If I substituted "sexually assaulted" and put in a gentle reminder that not all sex is penis-in-vagina, would that flow better? I suppose I use rape as an inaccurate metonymy for sexual assault, not remembering that definitions vary widely. And, uh, totally forgetting about the plumbing issue in my assumption that rape of males will be perpetrated by another male and therefore penetrative, an assumption I'm chucking in my more-perfect world. Thanks for bringing that up. - nietzscheansmut
2007-04-25 12:29 pm
I still think it would be uneven in a perfect world by those standards, but it would be a lot less uneven than it is in the current world.
I mean, it seems to me we can break sexual assault/harassment down into four basic categories: 1. Verbal harassment (hoots, whistles, and objectifying comments), 2. Unwanted touching (pretty self-explanatory), 3. Uncoerced nonconsensual sex (getting someone into a state in which they wouldn't object to having sex with you whereas they normally would, e.g. very drunk), and 4. Coerced nonconsensual sex (the classic "fuck me or I kill you" rape scenario). The first three would presumably be fairly equal in a world where the genders were equal. The fourth, which is mostly a matter of biological equipment, would still mostly be a crime committed by men.
eavanmoore
2007-04-25 09:11 am
Advertisements would be equally as likely to use a man as a woman in an attempt to use sex to sell the product, and they'd be dressed equally skimpily. We're not there yet, obvs, but we're on our way, and it really bothers me. If naked-woman advertising is a failure to see women as people instead of bodies, then naked-man advertising is no better.
It would be equally normal for a man as a woman to be the stay-at-home parent. Women would not be discriminated against in hiring because it was assumed that they would take time off or leave to have children. And there would be no financial penalty for taking time off!

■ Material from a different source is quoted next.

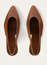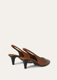 These slingbacks are part of the Rebecca line, defined by soft contours and pointy toes. They are crafted from calfskin with a unique finish, making them extremely soft while preserving the natural qualities of the leather. Their slightly lived-in look adds a touch of sophisticated elegance, while their versatile, feminine style makes them perfect in casual-chic outfits. Product details Insoles trimmed in color-matched leather Black leather soles Heel Height: 5.5 cm (2.2”) Composition: 100% Calfskin Soles: 100% Leather Made in Italy Product code: FAN3740

No one would attribute a woman's behavior to her "nurturing" or "emotional" character and oppose to it a man's more "rational" and "aggressive" behavior.
- kestrelct
2007-04-25 09:59 am
Objectifying people as sexual objects is lame. Objectifying only women as sexual objects is lame and scary. *shrugs* It seems weird that I'm more comfortable with more people being objectified. Huh. - kestrelct
- eavanmoore
2007-04-25 10:04 am
Yes, people do that shit. At this moment I'm thinking specifically of an online discussion about female bosses. Someone actually said that a female boss had a more "nurturing" approach, I shit you not.
2007-04-25 10:01 am
No one would attribute a woman's behavior to her "nurturing" or "emotional" character and oppose to it a man's more "rational" and "aggressive" behavior.
People *do* that shit? I sometimes feel a little out-of-touch, being a rich white person from a privileged background. I've only rarely experienced things that I know, intellectually, are common-place for people in other situations, and it throws my intuitions all off.
azurelunatic
2007-04-25 09:18 am
And if two people are in an office with a big shiny desk, the default guess as to "whose office is this" would probably be "um... what does the name plate on the desk say?" rather than "it's his office".
- kestrelct
2007-04-25 10:03 am
And women in tech jobs would never hear "Can I talk to someone who knows what they're doing? Like, a *man*?", or having it assumed that they're a receptionist. - eavanmoore
2007-04-25 10:06 am
Mom told me about an older woman who was more comfortable with a male gynecologist. Of all people.
I keep coming up with more. This could be a whole website, here -- "In a Perfect World..."
beckyzoole
2007-04-25 10:54 am
In a world like that, we wouldn't need to call equality between the genders "feminism".